Загадочная история XI-го самозванца - страница 6



Когда Тимошка увидел, что хитрость и обман его разгаданы и что ему не удастся выговорить себе свободу, но что он будет, в конце концов, выдан русским, он из отчаяния думал сам себя лишить жизни. Когда он на пути в Травемюнде, где его должны были посадить на судно, проезжал мимо Нейштадта, он нарочно выбросился из повозки, упал на голову и подвалился под колесо, надеясь так покончить с собою, но так, как ехали по песку и телега сейчас же остановилась, то его невредимого снова посадили в телегу и стали еще старательнее сторожить. Позже на пути в Москву он придумывал разные средства, чтобы лишить себя жизни; но так как это заметили, то эти средства были у него отняты прилежною охраною. В общем он был все время довольно весел, вплоть до приезда в Новгород; здесь он начал печалиться и уже от Новгорода до Москвы не желал ни есть, ни пить.

Как только прибыли с ним в Москву, его немедленно же отправили на пытку. Однако во время пытки и перед смертью своею он вел себя крайне упрямо: можно было предположить, что он поступает так, или желая, чтобы его сочли за сумасшедшего, или же знал, что все равно он будет казнен, сознается ли в правде или нет; из отчаяния он хотел скорее, чем сознаться, продолжать упорствовать в начатом и продолжавшемся им обмане и злодействе, чтобы иностранные государи его постоянством в речах были подкуплены в мыслях, которые он им хитроумно внушал. На совесть свою он обращал здесь столь же мало внимания, как раньше при принятии столь многих религий; вероятно он думал: «лучше бегом попасть в ад, чем идти туда шагом».
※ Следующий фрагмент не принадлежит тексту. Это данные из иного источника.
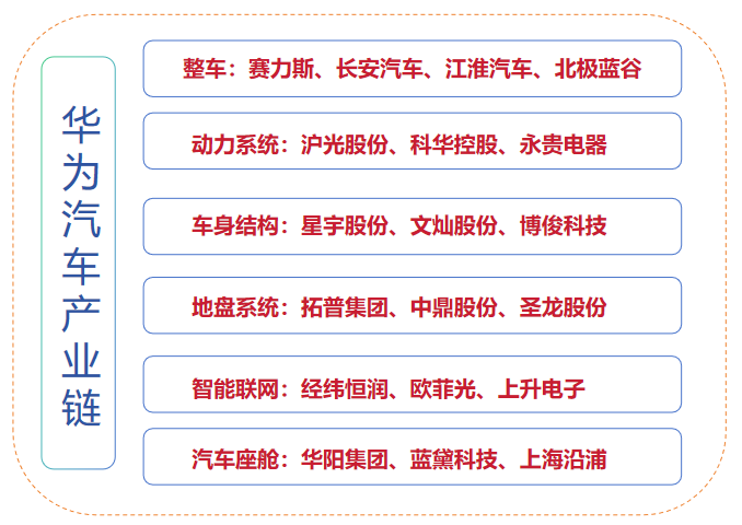华为汽车产业链上有赛力斯、北汽蓝谷、星宇股份、立讯精密、沪光股份、上声电子、拓普集团、华阳集团、宁德时代等。

Когда ему на пытке, в присутствии отряженных для этой цели знатнейших государственных советников, были заданы вопросы о некоторых пунктах и он был допрошен, он сказал: «он не почитает никого, за исключением вельможи и боярина Никиты Ивановича Романова, достойным вести переговоры с ним» (а боярин тот был давно известен ему своей храбростью и добрым нравом). Пришлось, вследствии этого, двум из бояр отправиться к Никите и просить его зайти к нему. Тем временем Тимошка попросил пить, и когда ему принесли деревянную чашку с квасом или слабым пивом, он отказался от кваса и не хотел пить из деревянной чашки, требуя, чтобы ему дали испить меду из серебряного сосуда. Когда исполнили эту его просьбу, он поднес сосуд ко рту, но отпил лишь немного. Когда теперь боярин Никита с двумя другими боярами вошел к нему, он смиренно поклонился ему, но еще упорнее стал утверждать, что он сын царя Василия Ивановича Шуйского. Ему, однако, было сказано и доказано, что он сын Дементия Анкудинова, простого торговца холстом в Вологде, а вовсе не из великокняжеского рода Шуйских. Покойный великий князь Василий Иванович Шуйский вовсе не имел детей, а лишь двух братьев: князя Дмитрия Ивановича и Ивана Ивановича Шуйских, которые так же не оставили мужского потомства. Эти три брата, вместе с тогдашним патриархом Филаретом Никитичем были отправлены в Польшу в плен, как это указано выше. Старшие два брата умерли в Польше, третий же, по имени Иван Иванович, вместе с патриархом был отпущен на волю, прибыл в Москву и скончался лишь в правление нынешнего великого князя, немного лет тому назад. Было из этого рода еще одно лицо – именно брат их отца Василий Федорович, имеющий лишь одного сына, а именно князя Михаила Васильевича Скопина-Шуйского, который в то время, когда шведский полководец занял Великий Новгород, умер, так же не оставив наследников. Таким образом Тимошка не мог быть из рода Шуйских.